▶ **ACTIVITY**: Taking the data below, please print only the lines from the line holding "点击进入 dashboard 界面,点击" to the line holding "palm. We have", inclusive, with pictures omitted.

▶ **EXERCISE INPUT**:
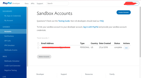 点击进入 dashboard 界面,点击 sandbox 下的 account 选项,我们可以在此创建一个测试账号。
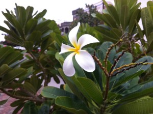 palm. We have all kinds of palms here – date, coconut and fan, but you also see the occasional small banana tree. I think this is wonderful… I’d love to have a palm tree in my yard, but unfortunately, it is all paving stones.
---
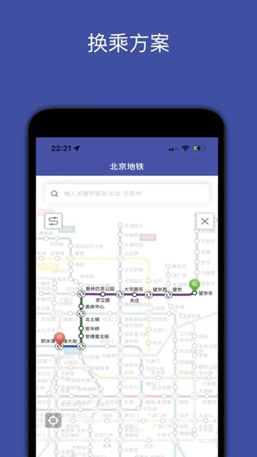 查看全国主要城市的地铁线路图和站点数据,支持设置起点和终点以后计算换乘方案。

▶ **TASK RESULT**:
 点击进入 dashboard 界面,点击 sandbox 下的 account 选项,我们可以在此创建一个测试账号。
 palm. We have all kinds of palms here – date, coconut and fan, but you also see the occasional small banana tree. I think this is wonderful… I’d love to have a palm tree in my yard, but unfortunately, it is all paving stones.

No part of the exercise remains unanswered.